Diary of Private Theodore Reichardt, Wednesday, January 1, 1862

Battery in camp near Poolesville; we, the centre section, on picket at Conrad's Ferry. Our picket duty, at this place, has been a very pleasant one, being very light, except the guard duty. Firing of videttes was very frequent during the night. But never did either party disturb the other with artillery practice during our stay. Sometimes signal rockets were sent up on the Maryland side, by rebel sympathizers, which were generally answered from the Virginia shore. General Stone had strong block-houses, of solid oak-timber, built on the line from Muddy Branch to Conrad's Ferry, for the defence of the Maryland side, large enough to hold three hundred men each. May it be remembered, pigs had to suffer in our neighborhood. The weather, having been pleasant for weeks, became very wintry after the first of January.

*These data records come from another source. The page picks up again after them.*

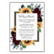 Sonnenblumen-Rose Burgund Hochzeitskarte Tischnummer
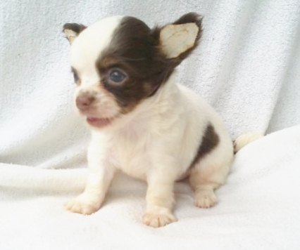 มีหนุ่มน้อยชิวาวา ขนยาว สีขาว-ช๊อค เพ็ดเต็มใบค่ะ
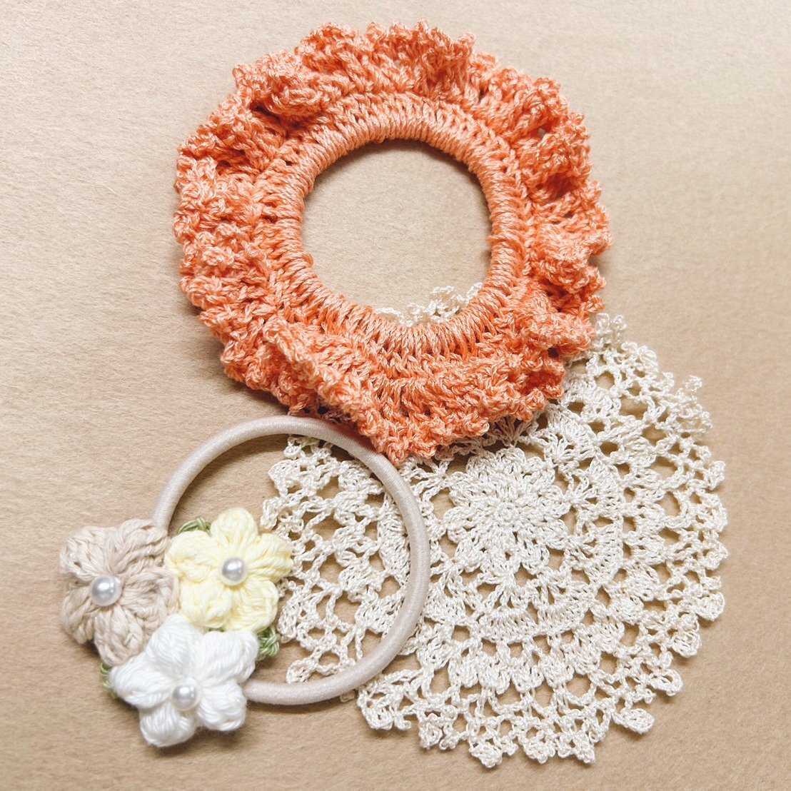 🧶作品紹介🧶 オレンジフリルシュシュ ・3-4号 サマーヤーン ・リングゴム お花のヘアゴム ・4号 コットンヤーン ・リングゴム ・6mmパールビーズ 毛糸の色や花の種類を変えて季節ごとに個性を出してもGood!!(・ω・)b #編み物好きさんと繋がりたい #手芸の店もりお本店 #もりお桜木店 pic.x.com/UTWX3As0yV

SOURCE: Theodore Reichardt, Diary of Battery A, First Regiment Rhode Island Light Artillery, p. 30-1

Diary of Private Theodore Reichardt, Monday, January 20, 1862

The centre section was relieved from picket at Conrad's Ferry, by the left section, under Lieut. Newton. The guns of the former remained there to be taken by the left section.

SOURCE: Theodore Reichardt, Diary of Battery A, First Regiment Rhode Island Light Artillery, p. 31

Tuesday, October 8, 2024

Diary of Private Seth J. Wells: November 25, 1862

On picket one mile southeast of LaGrange, the night was very cold.